Here's a comprehensive Ruby webhook handler:
# webhook_handler.rb
require 'sinatra'
require 'json'
require 'octokit'
require 'yaml'
require 'digest'
class WebhookHandler < Sinatra::Base
set :github_secret, ENV['GITHUB_WEBHOOK_SECRET']
post '/webhook/github' do
# Verify webhook signature
verify_signature!(request)
# Parse webhook payload
payload = JSON.parse(request.body.read)
event_type = request.env['HTTP_X_GITHUB_EVENT']
case event_type
when 'push'
handle_push_event(payload)
when 'pull_request'
handle_pull_request_event(payload)
else
status 200
return "Event type #{event_type} not handled"
end
status 202
"Webhook processed successfully"
end
private
def verify_signature!(request)
signature = 'sha256=' + OpenSSL::HMAC.hexdigest(
OpenSSL::Digest.new('sha256'),
settings.github_secret,
request.body.read
)
unless Rack::Utils.secure_compare(signature, request.env['HTTP_X_HUB_SIGNATURE_256'].to_s)
halt 401, "Invalid signature"
end
end
def handle_push_event(payload)
repository = payload['repository']['full_name']
commits = payload['commits']
# Process each commit in the push
commits.each do |commit|
process_commit_changes(repository, commit)
end
# Trigger sync process
trigger_content_sync(repository, commits)
end
def process_commit_changes(repository, commit)
added_files = commit['added']
modified_files = commit['modified']
removed_files = commit['removed']
# Initialize GitHub client
client = Octokit::Client.new(access_token: ENV['GITHUB_ACCESS_TOKEN'])
# Process added and modified files
(added_files + modified_files).each do |file_path|
if content_file?(file_path)
content = client.contents(repository, path: file_path, ref: commit['id'])
process_content_file(file_path, content, :created_or_updated)
elsif data_file?(file_path)
data = client.contents(repository, path: file_path, ref: commit['id'])
process_data_file(file_path, data, :created_or_updated)
end
end
# Process removed files
removed_files.each do |file_path|
if content_file?(file_path)
process_content_file(file_path, nil, :deleted)
elsif data_file?(file_path)
process_data_file(file_path, nil, :deleted)
end
end
end
def content_file?(file_path)
file_path.start_with?('_posts/', '_pages/', '_docs/') && file_path.end_with?('.md')
end
def data_file?(file_path)
file_path.start_with?('_data/') && (file_path.end_with?('.yml', '.yaml', '.json'))
end
def process_content_file(file_path, content, action)
case action
when :created_or_updated
# Decode base64 content
raw_content = Base64.decode64(content['content'])
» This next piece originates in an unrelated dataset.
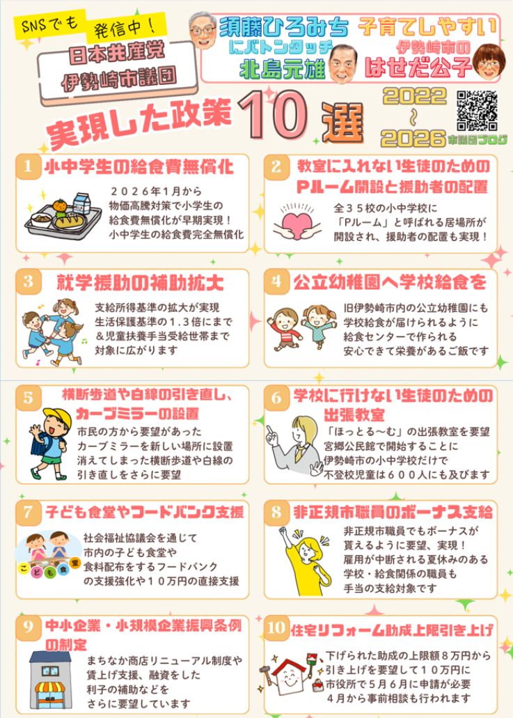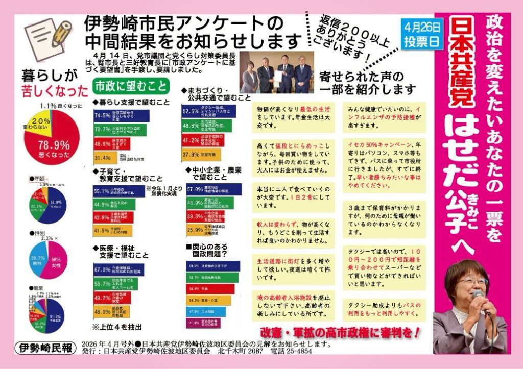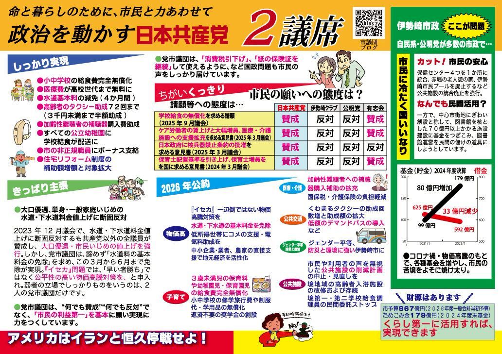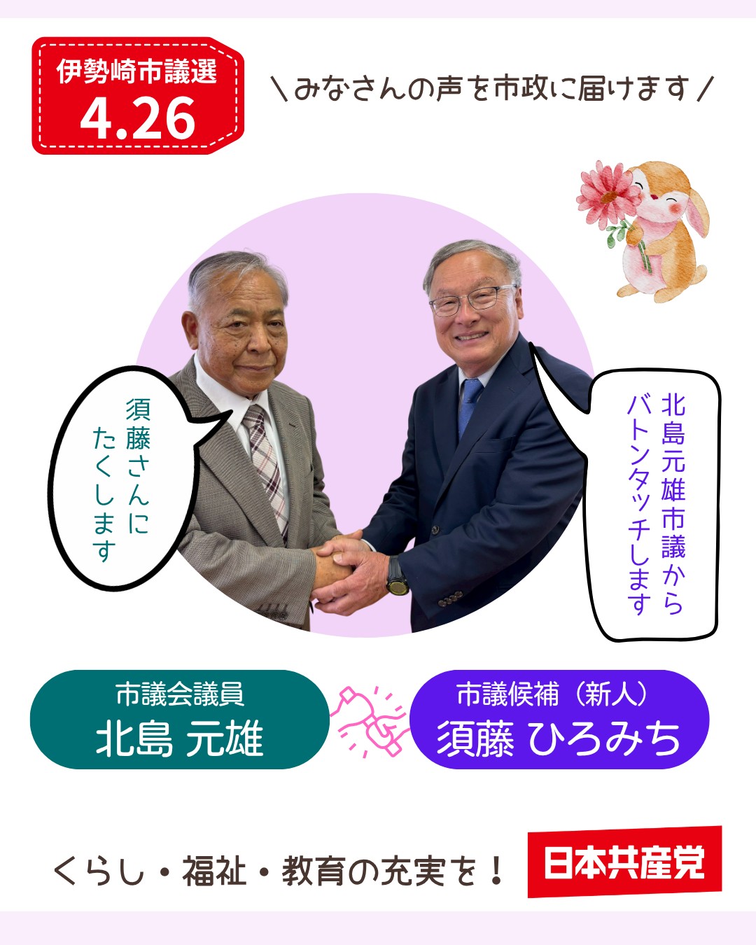 伊勢崎市議選は定数30に35人が立候補。5人はみ出しの大激戦・大接戦です。物価高と大軍拡・大増税から暮らしを守るため、日本共産党の2議席確保にお力をお貸しください。

# Parse front matter and content
if raw_content =~ /^---\s*\n(.*?)\n---\s*\n(.*)/m
front_matter = YAML.safe_load($1)
content_body = $2
# Transform for edge storage
edge_content = transform_content_for_edge(file_path, front_matter, content_body)
# Sync to Cloudflare
sync_to_cloudflare(file_path, edge_content)
end
when :deleted
# Remove from Cloudflare
delete_from_cloudflare(file_path)
end
end
def trigger_content_sync(repository, commits)
# Prepare sync payload
sync_payload = {
repository: repository,
commits: commits.map { |c| { id: c['id'], message: c['message'] } },
timestamp: Time.now.iso8601
}
# Trigger Cloudflare Worker sync
uri = URI.parse("https://sync.yourdomain.com/api/sync")
http = Net::HTTP.new(uri.host, uri.port)
http.use_ssl = true
request = Net::HTTP::Post.new(uri.path)
request['Authorization'] = "Bearer #{ENV['CLOUDFLARE_API_TOKEN']}"
request['Content-Type'] = 'application/json'
request.body = sync_payload.to_json
response = http.request(request)
unless response.is_a?(Net::HTTPSuccess)
logger.error "Failed to trigger sync: #{response.body}"
end
end
end
# Start the webhook handler
WebhookHandler.run! if __FILE__ == $0
Content processing transforms Jekyll content into edge-optimized formats and calculates delta updates to minimize synchronization overhead. Ruby scripts handle the intelligent processing and transformation.
# content_processor.rb
require 'yaml'
require 'json'
require 'digest'
require 'nokogiri'
class ContentProcessor
def initialize
@transformers = {
markdown: MarkdownTransformer.new,
data: DataTransformer.new,
assets: AssetTransformer.new
}
end
def process_content(file_path, raw_content, action)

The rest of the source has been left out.